Press Release
Home Ministry’s statement in Parliament blaming parents of stateless children for not registering marriage is irresponsible & against the Constitution
26 March 2019

We refer to the statement by the Deputy Home Minister Azis Jamman in the Dewan Rakyat yesterday in which the Home Ministry put the blame for stateless children on failure of their parents to register their marriages.

This approach of the Home Ministry to the problem of stateless children is irresponsible and contrary to the Federal Constitution. It is similar to the discredited approach of the previous BN regime, which in the first place led to large numbers of children becoming stateless throughout Malaysia.

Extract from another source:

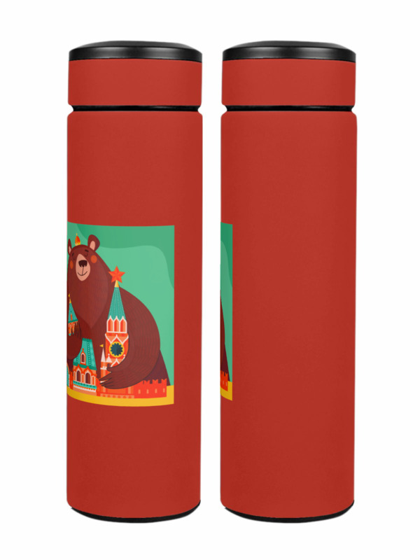 Термос «Русский медведь обнимает башни Кремля» цвет красный

The marital status of the parents is irrelevant under the Federal Constitution. By virtue of the 2nd Schedule Part 2 section 1(a) of the Constitution, as long as one of the parents of the child is Malaysian, the child is automatically a Malaysian citizen.

The situation remains the same even where the mother is a non-citizen, because the child has fulfilled the requirement under section 1(a) that at least one parent is a citizen. Section 17 which states that in relation to an illegitimate person, a reference to his ‘parents’ must be regarded as a reference to his mother does not apply to section 1(a).

In short, irrespective of the mother being a non-citizen and the marriage being unregistered, the child is automatically entitled to Malaysian citizenship as long as the father is a citizen.

Hence, the position taken by the government in the Dewan Rakyat yesterday is a gross misstatement or misunderstanding of the law. Why is the Home Ministry bent on wrongly interpreting the Constitution to the prejudice and disadvantage of guiltless children, and rendering them stateless?

To adopt the course suggested by home ministry would be to punish the innocent child simply for being illegitimate, which is unjust and barbarous.

The Deputy Home Minister also claimed that children of unregistered marriages whose mother is a non-citizen can always apply under Article 15A for citizenship. But Article 15A is of no use to stateless children as it is granted at the absolute discretion of the Home Minister.

It has been a common problem that the application under Article 15A takes several years to process and frequently results in repeated rejection, while the stateless child remains in limbo. The PH government’s answer yesterday in Parliament that the children can apply under Article 15A was the standard response given by the old BN regime. It is a transparent delaying tactic to deny citizenship to desperate stateless children.

The position taken by the Home Ministry is not only against the law and Constitution, but also against the PH manifesto which recognised the problem of statelessness in Malaysia.

We urge the Government to reverse its position and grant citizenship to all children born in Malaysia, one of whose parents are Malaysian citizens, irrespective of whether their parent’s marriage was registered.